El principio de autoridad está en crisis en el país hace décadas. Acaso quien más refleje esta grave situación sea el policía, alguna vez un personaje respetado en cualquier barrio, con quien un niño hasta podía sentirse emocionado si le daba la mano o tenía la suerte de tomarse una fotografía con él.
Hoy su imagen es otra: se lo relaciona con la coima, la indisciplina, el robo. Aquellos que aún ejercen el oficio con honestidad y legítimo amor por su institución han quedado opacados por quienes utilizan el uniforme policial para abusar de su cargo o delinquir.
El principio de autoridad hay que ejercerlo, no abusar de él. Hace un par de días, en Andahuaylas, el ministro Daniel Urresti hizo lo segundo. Increpó en público a un jefe policial por una obra inconclusa. Lo carajeó de lo lindo, lo puso en ridículo, dijo que si no cumplía con su orden, iba a mandarlo “al Vraem”, para el delirio de quienes observaban el vejamen en primera fila. Sí, parecía el set de un ‘reality show’.
Su prepotencia no lo libró del ridículo. El culpable del retraso no era el personal de Andahuaylas, ya que por razones administrativas las órdenes debían tomarse en el Cusco. El saberse en un error no lo hizo recular y siguió en lo suyo. Gritando, gesticulando, maltratando.
Se sabe que el ministro Urresti no conoce de formas, que su apodo de ‘Figurresti’ no lo incomoda y que, aunque su sentido del humor es burdo, a veces resulta efectivo (su “tampoco tampoco” a Kenji Fujimori en el Congreso fue demoledor).
El efectismo de su aparente omnipresencia le ha permitido convertirse en el ministro más popular del régimen (40% de aprobación según El Comercio-Ipsos), a pesar de que la inseguridad ciudadana no se detiene y de sus varias veces reseñadas metidas de pata.

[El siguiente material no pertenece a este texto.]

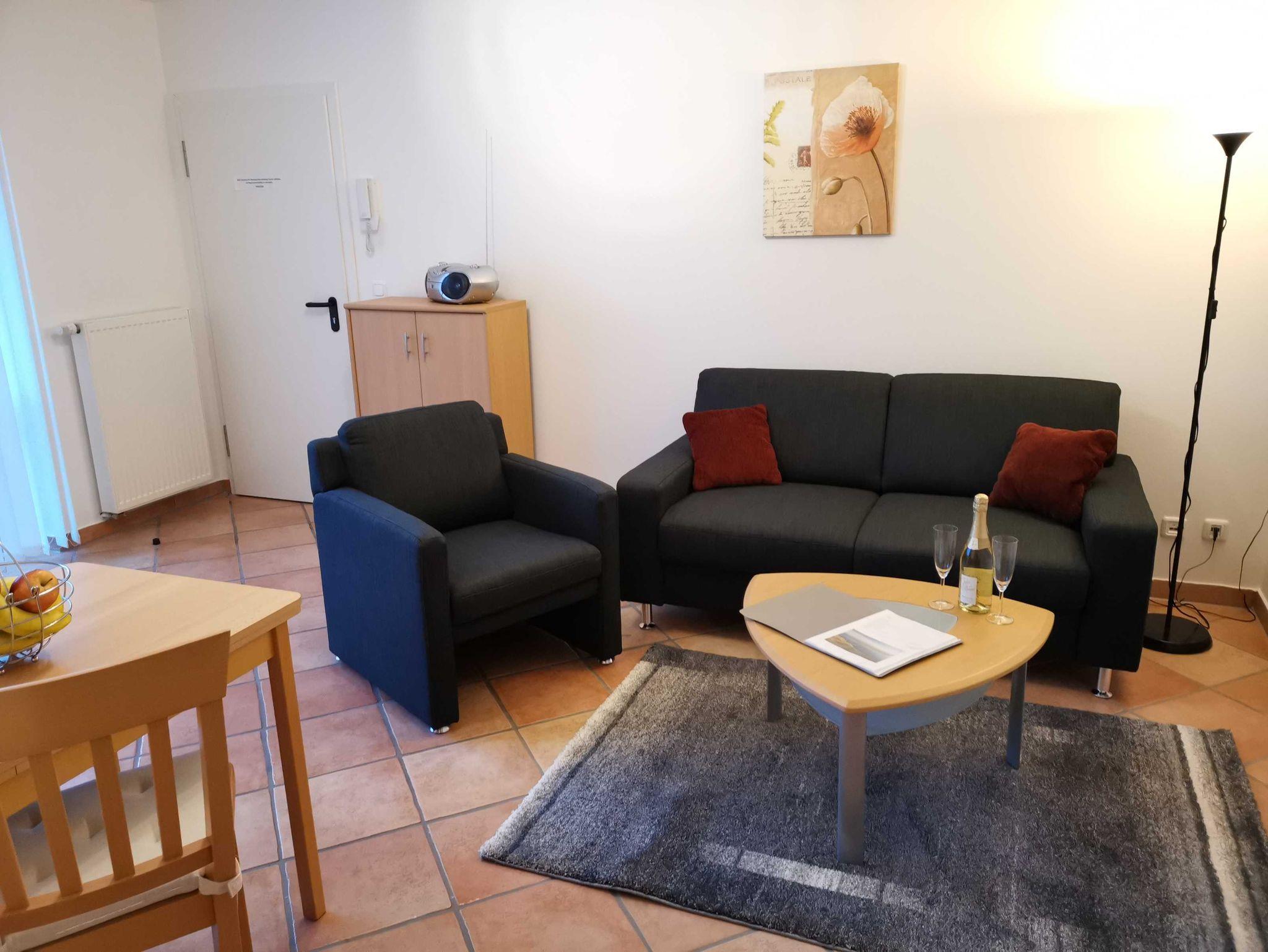 Die Ferienwohnung im Erdgeschoss ist mit ca. 33 qm für 2 Personen ausgelegt und verfügt über einen Wohnraum mit Küchenzeile, ein Bad mit Dusche und ein Schlafzimmer. Weitere Ausstattungsmerkmale: Sat-TV, Telefon kostenlos ( deutsches Festnetz außer Sondernummern ), PC-Anschluss DSL kostenlos, PKW-Stellplatz, Fahrradstellplatz, Waschmaschinennutzung, eigene Terrasse.
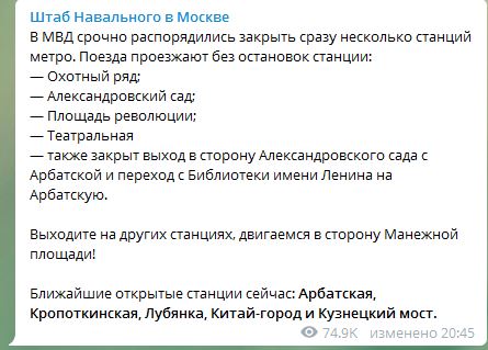 20:52 В Штабе Навального призвали москвичей выходить на тех станциях метро, которые еще открыты, и двигаться к Манежной площади.

Abusar de un subalterno para ganarse algunos aplausos es un recurso vil, así como una muestra de indignidad que resultaría intolerable en un gobierno que dice respetar los derechos de su población.
Pero si Urresti sigue en el cargo, pese a estar procesado por el asesinato del periodista Hugo Bustíos, ¡qué puede significar ‘cuadrar’ en público a un policía! Somos unos ilusos.